‘Brothers in Blue’ benefit ride to help stricken constable
The doctors called it “the widow maker.”
It earned this name because of very low percentage of survival; a specific kind of heart attack where 100 percent of William F. Lewis’s main artery was clogged.
On May 13, he stopped mowing grass at his Carmichaels home when he first started to feel the pain. According to his niece, Morgan Phillips, she believes he recognized what was happening from the beginning.
With his professions as a state constable, a deputy and a part-time coroner, he knew he was having a heart attack and needed to call for an ambulance right away.
Lewis, 55, was taken by ambulance to Washington Hospital with a caravan of his large family following. But before medics could get him inside an operating room, he flat lined.
“They brought him back,” Phillips said as she remembers the chaotic day with great detail. “Not only did they shock him once to bring him back to life, they shocked him 11 times just to get his heart back to rhythm and not to lose him.”
A long surgery followed and after three stents were placed in his heart and the artery was unclogged, the doctors came out to the full waiting room and told the family he would make it.
“It was just unreal,” Phillips said. “Still, to this day, none of us really want to believe it.”
She paused as she remembered seeing a man who was active, out every day working in the community and woke up to calls at 3 a.m. when a coroner was needed, almost taken away from her.
But after a while, the new reality hits. It hit hardest when the family received medical bills with numbers like $98,000 displayed, and that was only one bill.
With constables labeled as self-employed, and part-time coroners not receiving any benefits, Lewis has no health insurance to help pay for these costly medical bills. He also cannot work because his body is still healing from the surgery and the medication.
Phillips described the series of unfortunate events for her uncle with the saying, “when it rains, it pours.”
The bills kept on coming, his body had bad reactions to certain kinds of medicines he was taking after the surgery, recent tests show possible nerve or muscle damage in his shoulders and his bank account was hacked.
“A little bit of everything is going on,” Phillips said.
Word got around about the struggles the family faced. Even before Lewis was out of the hospital, a couple of his close friends and family came up with an idea to do something for him.

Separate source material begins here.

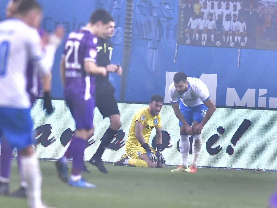 Mirko Pigliacelli si Marius Marcel Constantin in meciul de fotbal dintre Universitatea Craiova si FC Arges, contand pentru Liga 1 Casa Pariurilor, desfasurat fara spectatori pe Stadionul Ion Oblemenco din Craiova, vineri 29 ianuarie 2021. © FOTO:Razvan Pasarica/SPORT PICTURES

With many of Lewis’s close friends and family being a part of law enforcement, they decided to hold a “Brothers in Blue” benefit ride to help pay for the medical bills.
“‘Brother in Blue’ means that everybody within law enforcement considers each other brothers,” Phillips said. “They have each other’s backs at any time, whether they know each other or not. It’s kind of just like a little brotherhood of all law enforcement.”
Even though the ride will have many motorcycles and members of local law enforcement participating, the benefit ride is open to anyone with any type of road-worthy vehicle.
The benefit ride will be held Saturday at Waynesburg Fairgrounds. Registration begins at 10 a.m. and the ride will start at noon.
Phillips hopes this event shows her uncle how much he means to the community.
“Sometimes it seems like he is getting down,” Phillips said. “We hope to show him that people do love and care about him and support him and hopefully we get a good turnout.”
The two-hour ride will travel through the Greene County countryside with stops planned at local volunteer fire departments where water will be sold. Cumberland Township police also plan on leading the procession to keep the riders together and help direct traffic.
The ride will end at Nemacolin Fire Department, where a dinner will be served along with the band RagTag performing live and Chinese auctions.
The cost is $20 for riders, $10 for passengers and $15 for dinner only.
Lewis will be at the benefit ride and dinner to meet all the people who have come out to help him.
“Anyone we asked for help was more than willing to give us something,” Phillips said. “I hope he is going to be overwhelmed with the amount of people who come out to help him and I hope it helps him to keep pushing forward.”